--- TASK MATERIAL Enclosed Below ---
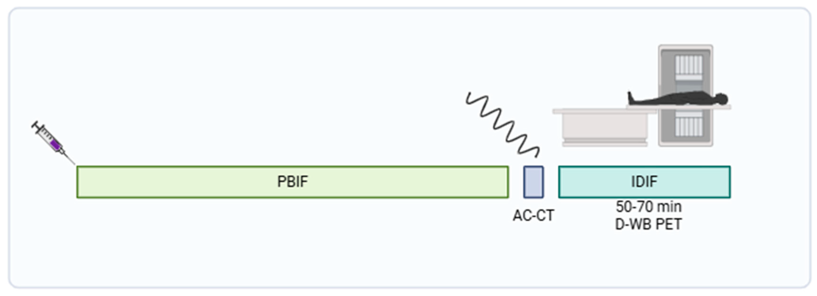 - Dias, A.H.; Smith, A.M.; Shah, V.; Pigg, D.; Gormsen, L.C.; Munk, O.L. Clinical validation of a population-based input function for 20-min dynamic whole-body 18F-FDG multiparametric PET imaging. EJNMMI Phys. 2022, 9, 60. [Google Scholar] [CrossRef]
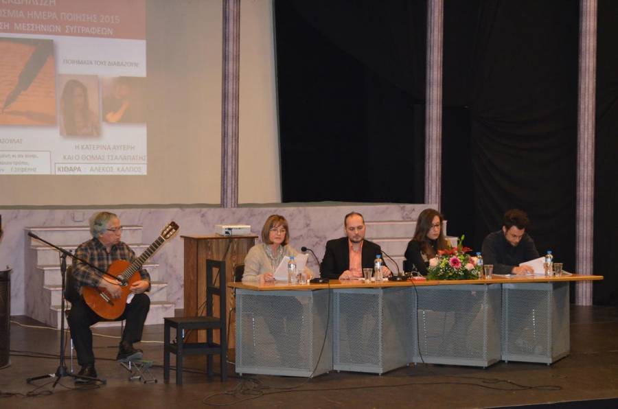 Σύμφωνα με τη σχετική ανακοίνωση, η πρώτη εκδήλωση -για την Παγκόσμια Ημέρα Ποίησης- έγινε τη Δευτέρα 16 Μαρτίου στο Πνευματικό Κέντρο Καλαμάτας με προσκεκλημένο τον διδάκτορα Γλωσσολογίας, μεταφραστή αγγλικής γλώσσας και λογοτεχνίας Δημήτρη Θανασούλα, ενώ ποιήματά τους απήγγειλαν οι νεαροί ποιητές Κατερίνα Αυγέρη και Θωμάς Τσαλαπάτης.
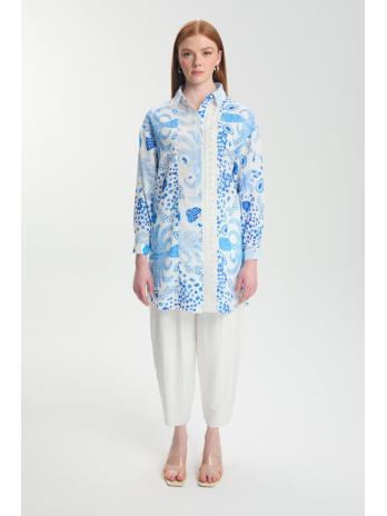 Tunique à motifs avec dentelle détaillée sur le devant T-1570
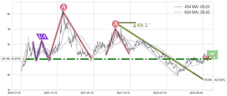 ♘ 阻力价格位30.39,可信任强度85.54%,距离最后交易2022-08-12形成的收盘价格28.87相差 +5.27%
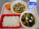 〈献立〉ごはん 牛乳 豚キムチ炒め わかめスープ くだもの 今日は冷凍みかんを...
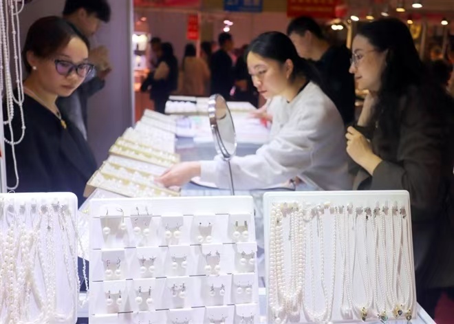 昨日,第19屆蘇州國(guó)際珠寶展在蘇州國(guó)際博覽中心舉辦。本屆展會(huì)匯聚了600多家珠寶商參展,吸引眾多消費(fèi)者前來(lái)參觀選購(gòu)。
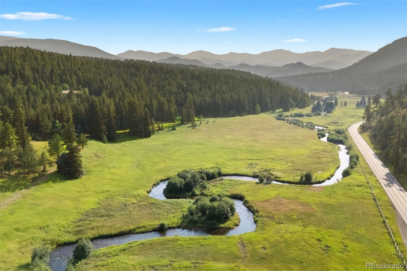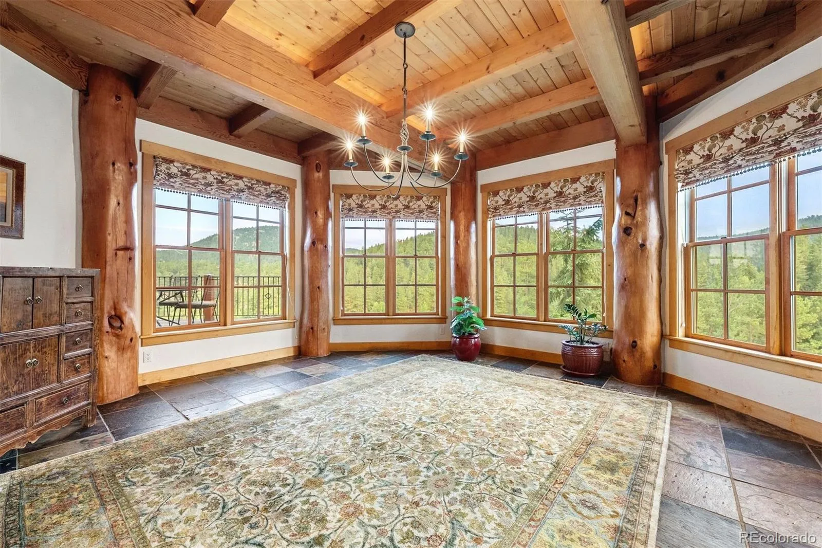 Within the prestigious Upper Bear Creek Ranch, this architectural masterpiece represents the pinnacle of custom timber frame construction. This extraordinary residence spans 6,354 square feet across thoughtfully designed living spaces, featuring four bedrooms and four bathrooms within a gated community where residents enjoy exclusive ownership of pristine land and private roadways. The home’s commanding presence begins with soaring vaulted ceilings and impeccable post-and-beam construction, creating an atmosphere of grandeur enhanced by expansive walls of windows that frame breathtaking mountain vistas. Rich cherry hardwood floors flow throughout, complemented by abundant built-in storage solutions and custom millwork that showcase exceptional craftsmanship. The gourmet kitchen serves as a culinary sanctuary, adorned with stunning stone accents that harmonize with the home’s natural aesthetic. Adjacent dining areas boast floor-to-ceiling windows and striking log posts that extend through multiple levels, creating seamless indoor-outdoor connections. The upper level houses three generously proportioned bedrooms, including a magnificent primary suite with panoramic views, luxurious en-suite facilities, and custom closet systems. Two additional bedrooms are accessed through an enchanting hallway featuring window seats and built-in bookcases, adding literary charm to the private quarters. The lower level transforms into an entertainment haven, complete with adobe fireplace, wet bar, wine refrigeration, and dedicated theatre space. An additional bedroom and bathroom provide flexible accommodations for guests or family members. This remarkable property offers exclusive access to riverfront areas, combining privacy with natural beauty in one of Colorado’s most coveted communities. The home’s proximity to Evergreen Lake, Alderfer/Three Sisters Park trails, and local golf courses ensures year-round recreational opportunities while maintaining mountain sanctuary tranquility.
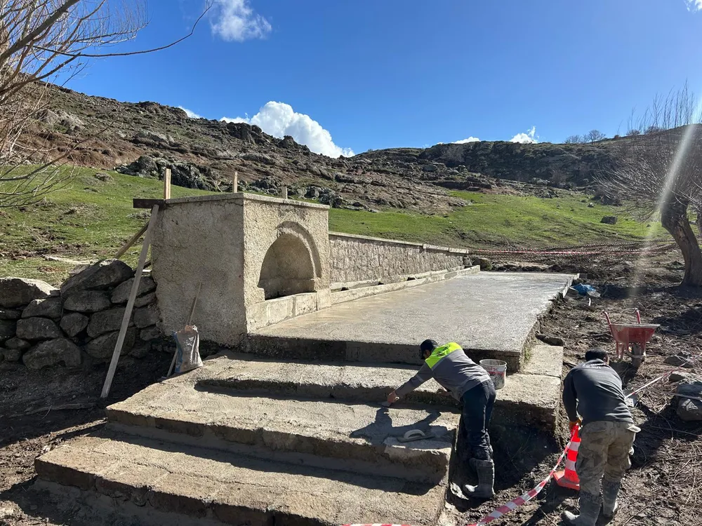 Manastır Çeşmesi’nde hava şartlarının düzelmesiyle birlikte restorasyon ve yenileme çalışmaları yeniden başladı; beton, küpeşte ve çevre düzenlemeleri titizlikle sürdürülüyor.
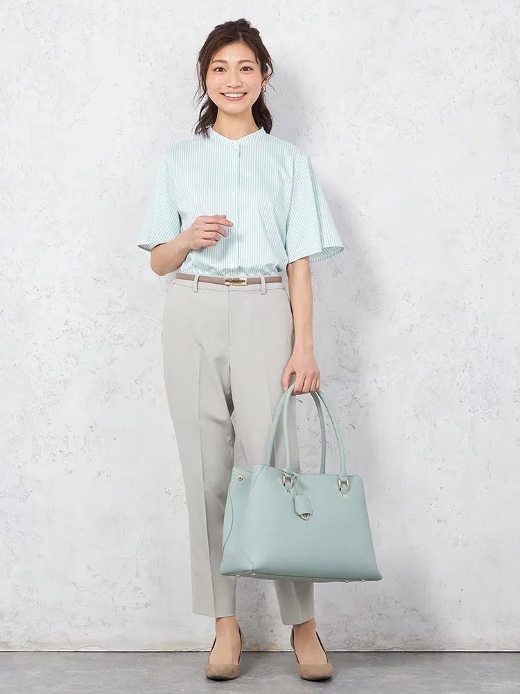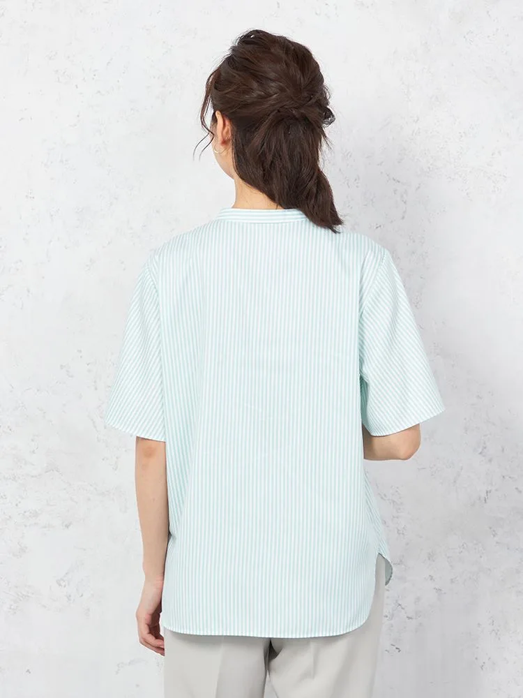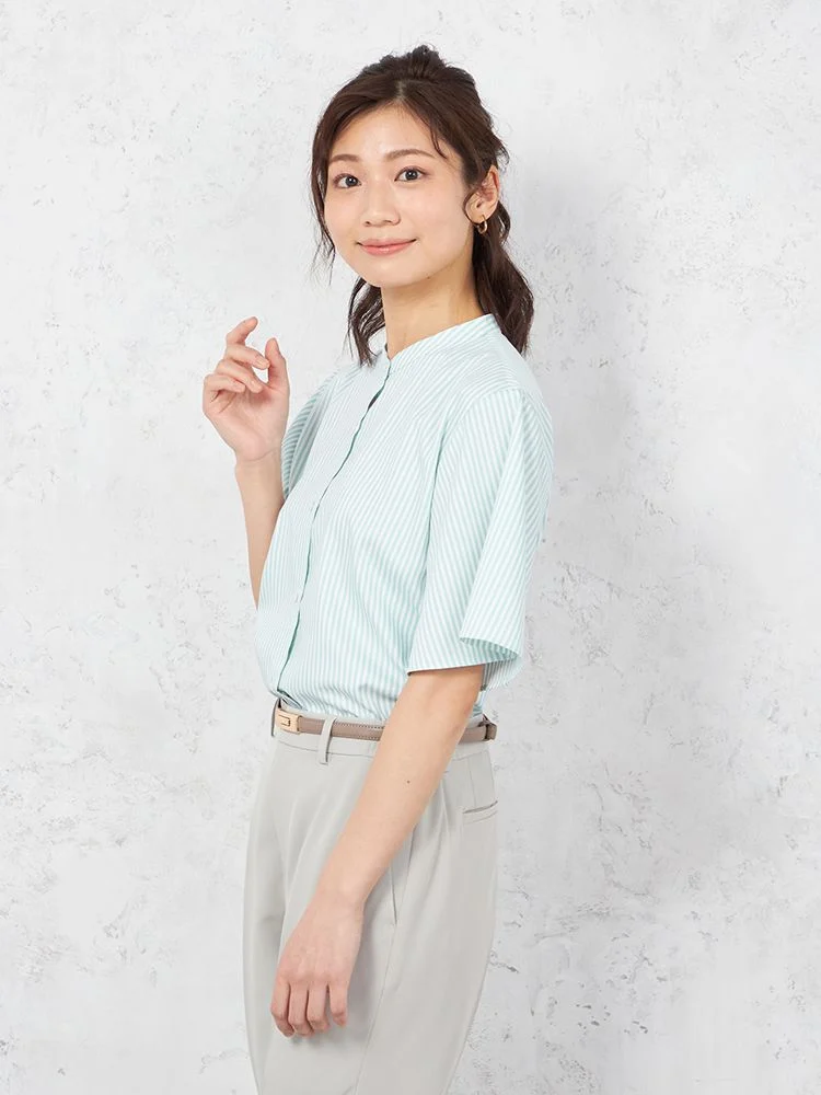 【涼感】ブラウス 半袖 バンドカラー ストライプ【形態安定/遮熱/UVカット/透け防止/接触冷感】 SOFFICE 春夏【レディース】
--- End of Enclosed TASK MATERIAL ---
*YOUR TASK*: Copy out the lines above from the line containing "Tunique à motifs" through the line containing "昨日,第19屆蘇州國(guó", exactly, and keep the pictures out.

*WRITTEN SOLUTION*:
 Tunique à motifs avec dentelle détaillée sur le devant T-1570
 ♘ 阻力价格位30.39,可信任强度85.54%,距离最后交易2022-08-12形成的收盘价格28.87相差 +5.27%
 〈献立〉ごはん 牛乳 豚キムチ炒め わかめスープ くだもの 今日は冷凍みかんを...
 昨日,第19屆蘇州國(guó)際珠寶展在蘇州國(guó)際博覽中心舉辦。本屆展會(huì)匯聚了600多家珠寶商參展,吸引眾多消費(fèi)者前來(lái)參觀選購(gòu)。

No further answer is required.